Feature request: auto flush active memtable when there is many tombstones #13308
Description
If there happens to be lots of deletes for recently written data that is still in the memtable, it's possible to max out cpu usage of rocksdb when there is many prefix iterators that have to iterate over all the tombstones:
notice we don't have tombstones in SST files:
BUT we do have many tombstones in the active memtable:
This was the root cause of #13191 (comment)
Ideally we want something like CompactOnDeletionCollector but for memtables.

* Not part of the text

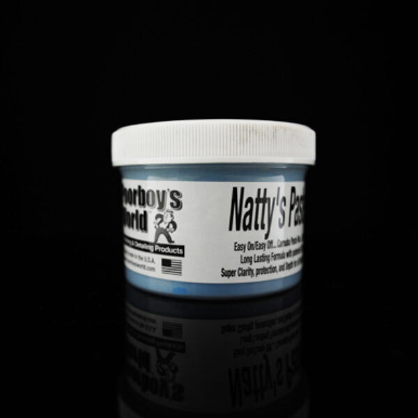 POORBOY’S WORLD Natty’s Paste Wax - Blue Poorboy’s Natty’s Blue Paste Wax jest jednym z najbardziej wartościowych wosków naturalnych dostępnych na rynku w tak przystępnej cenie. Pozostawia ekstremalnie „mokre” i lśniące wykończenie na lakierze samochodowym. Wzmacnia głębię koloru ciemnych lakierów, dając tym samym niepowtarzalny efekt. Zawartość naturalnych wosków carnauba jest uzupełniona dodatkowo przez opatentowaną recepturę filtrów absorbujących promienie UV, co wynosi ochronne właściwości wosku na całkiem nowy poziom. Produkt jest łatwy w aplikacji oraz polerowaniu, posiada fantastyczny zapach. Pojemność: 227ml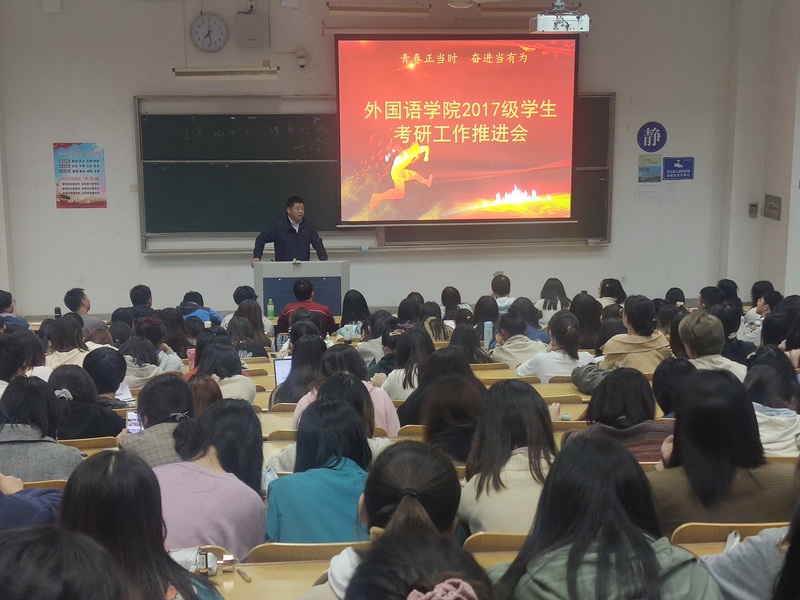 近年来,外国语学院一直高度重视毕业生考研工作,学生考研报考率和录取率逐年提升,学院在思想、学习和生活等方面为考研学子提供全方位的服务和便利,包括举行考研动员大会、考研学生经验交流会、考研慰问活动、考研学生心理讲座等,提升同学们的考研斗志和信心,积极营造浓郁的学习氛围,有力促进了学院优良学风建设。

There is something very basic implemented for range tombstones: https://github.com/facebook/rocksdb/blob/v9.10.0/db/memtable.h#L835-L837 that triggers auto flush based on number of range tombstones that we can replicate and do the same for number of "regular" tombstones but ideally, we implement a similar semantic as CompactOnDeletionCollector to look at overall ratio of deleted/live keys as well as consecutive tombstones
@cbi42 what do you think? This seems like a very useful feature and I'm happy to at least implement the basic version of this similar to https://github.com/facebook/rocksdb/blob/v9.10.0/db/memtable.h#L835-L837 if you think my analysis is valid and there is no other feature in rocksdb that can do what I want.
The alternative approach:
If we don't want to bother with this, then in a background thread on an interval (every minute or so), I can get the value of rocksdb.num-deletes-active-mem-table
and compare that against rocksdb.num-entries-active-mem-table
to calculate the overall deletion/total ratio similar to what CompactOnDeletionCollector does for SST files and if that it it past the threshold then trigger a manual flush. I believe this should work but it feels odd to do something like this based on rocksdb metrics. Thoughts?